### Activity
Please repeat, exactly and without pictures, the lines of the entries below that run from the one containing "이미 자동화로 생성된 메모리 덤프 raw 파일이 있음" through the one containing "Sai Aradhana will".

### Input data

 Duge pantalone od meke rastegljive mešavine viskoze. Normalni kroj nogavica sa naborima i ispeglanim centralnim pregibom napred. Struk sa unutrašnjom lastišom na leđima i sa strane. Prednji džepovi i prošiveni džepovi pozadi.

--

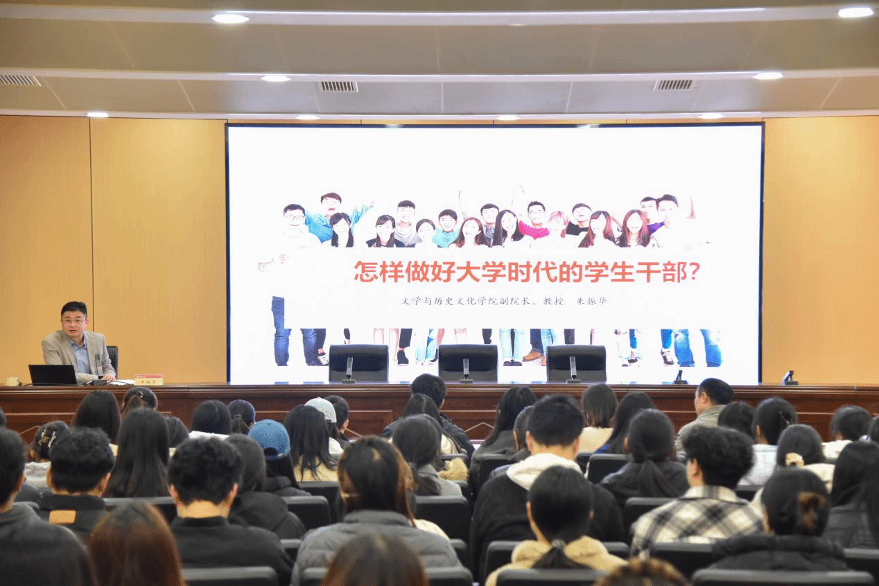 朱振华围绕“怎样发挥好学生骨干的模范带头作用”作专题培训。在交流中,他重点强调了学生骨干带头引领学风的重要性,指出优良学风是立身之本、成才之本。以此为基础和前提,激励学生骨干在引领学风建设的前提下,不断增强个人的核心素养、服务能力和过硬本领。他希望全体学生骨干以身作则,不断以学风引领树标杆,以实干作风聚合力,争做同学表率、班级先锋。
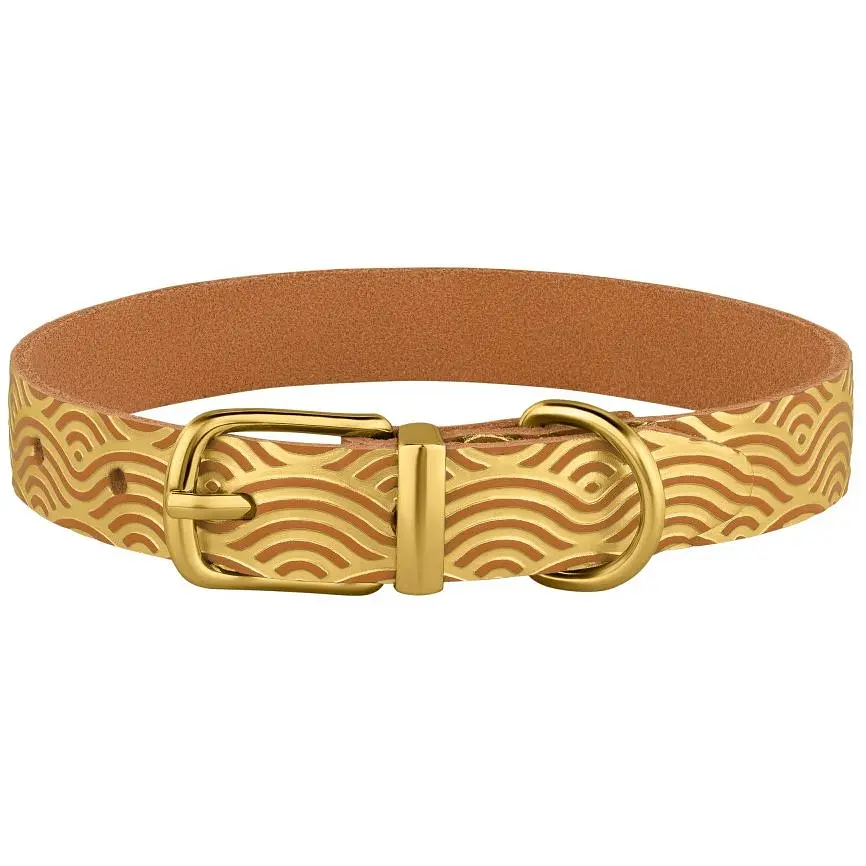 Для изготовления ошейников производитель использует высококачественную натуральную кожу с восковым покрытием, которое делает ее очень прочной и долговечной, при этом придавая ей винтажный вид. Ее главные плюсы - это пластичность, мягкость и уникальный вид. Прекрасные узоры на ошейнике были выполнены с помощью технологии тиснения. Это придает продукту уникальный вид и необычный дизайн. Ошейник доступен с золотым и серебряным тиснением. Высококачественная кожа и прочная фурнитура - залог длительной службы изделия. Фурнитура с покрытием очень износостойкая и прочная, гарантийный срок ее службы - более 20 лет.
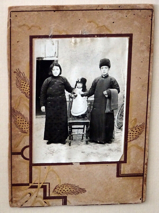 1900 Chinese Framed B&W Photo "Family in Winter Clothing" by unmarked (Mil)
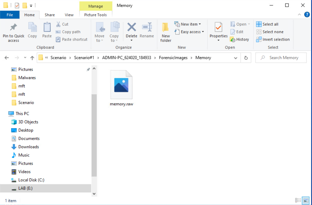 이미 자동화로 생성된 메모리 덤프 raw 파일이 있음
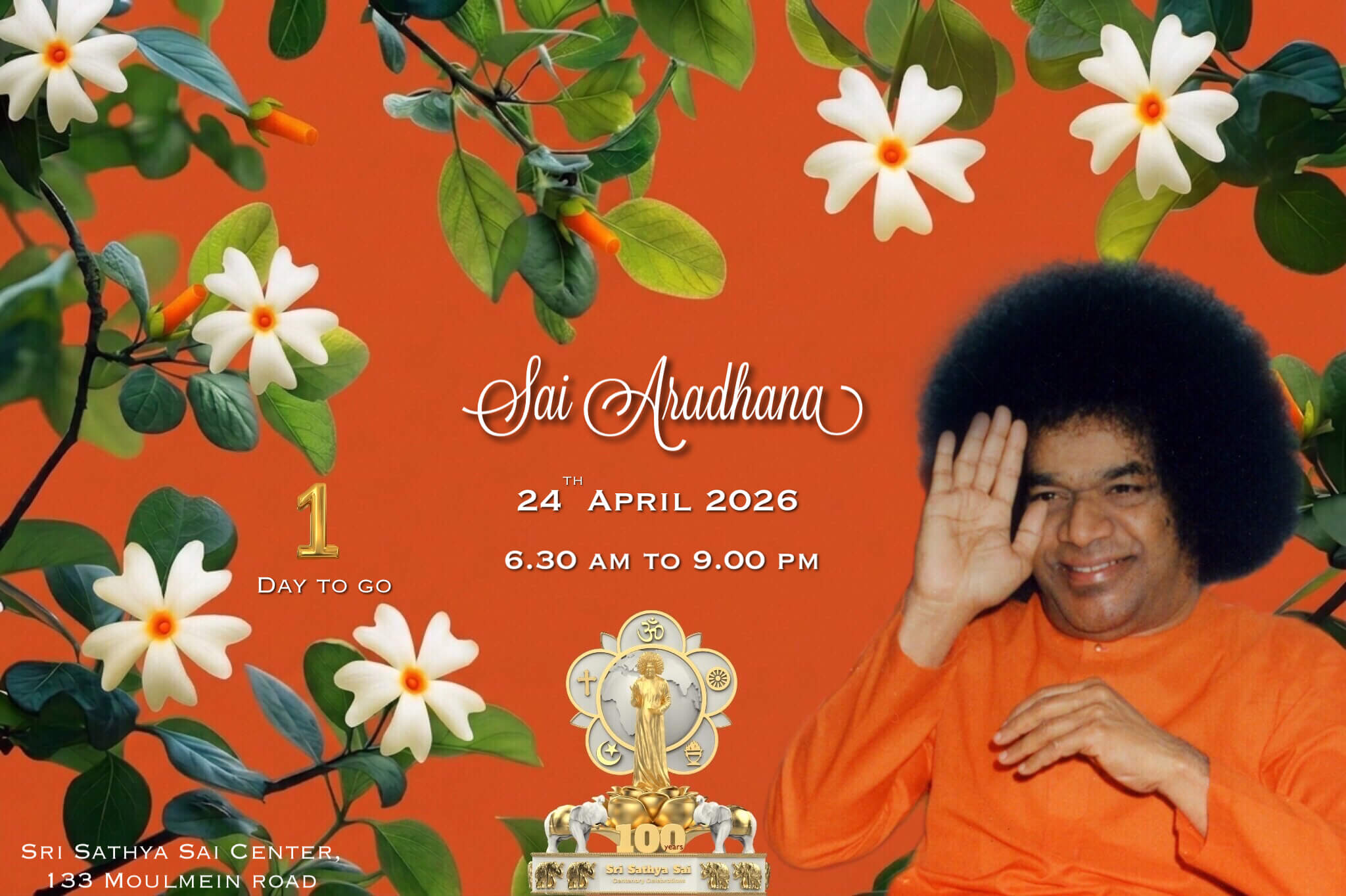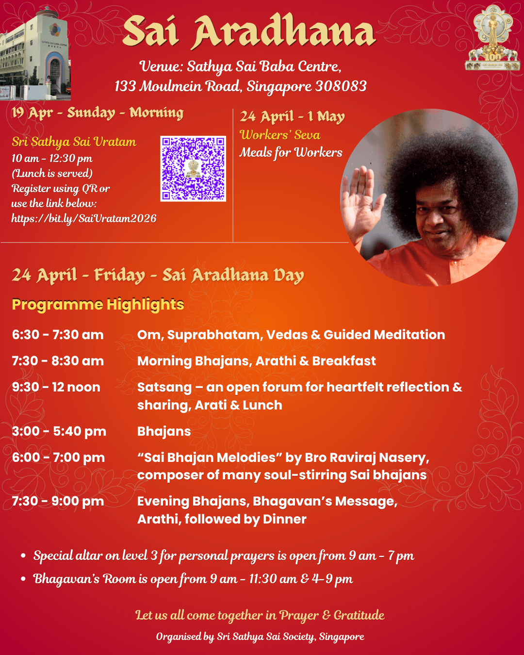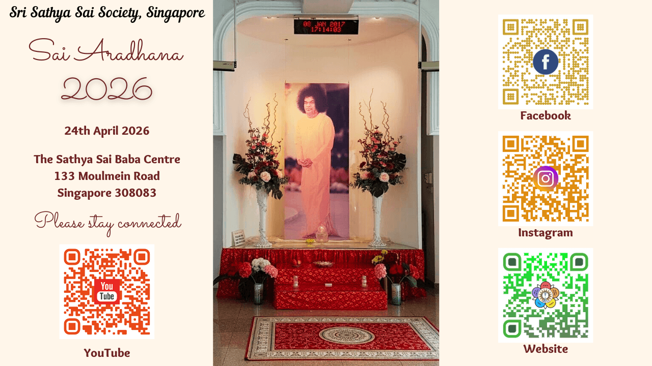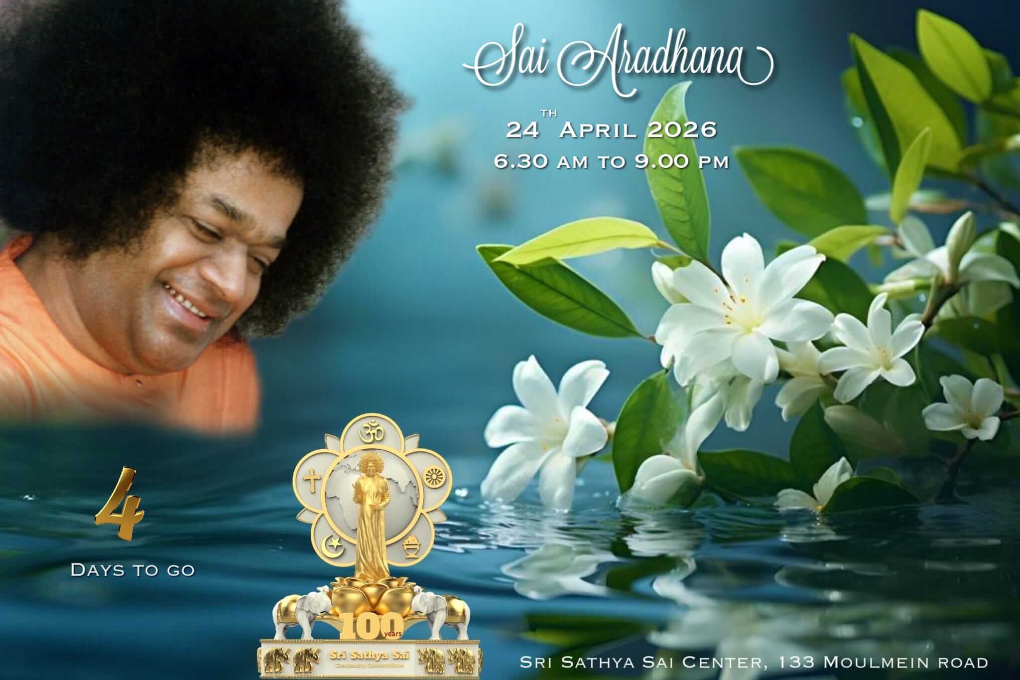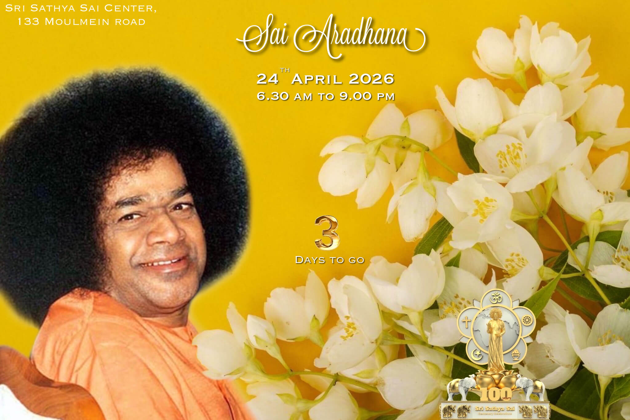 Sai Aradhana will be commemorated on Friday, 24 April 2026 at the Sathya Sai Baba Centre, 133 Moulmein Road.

### Response to this exercise
 이미 자동화로 생성된 메모리 덤프 raw 파일이 있음
 Sai Aradhana will be commemorated on Friday, 24 April 2026 at the Sathya Sai Baba Centre, 133 Moulmein Road.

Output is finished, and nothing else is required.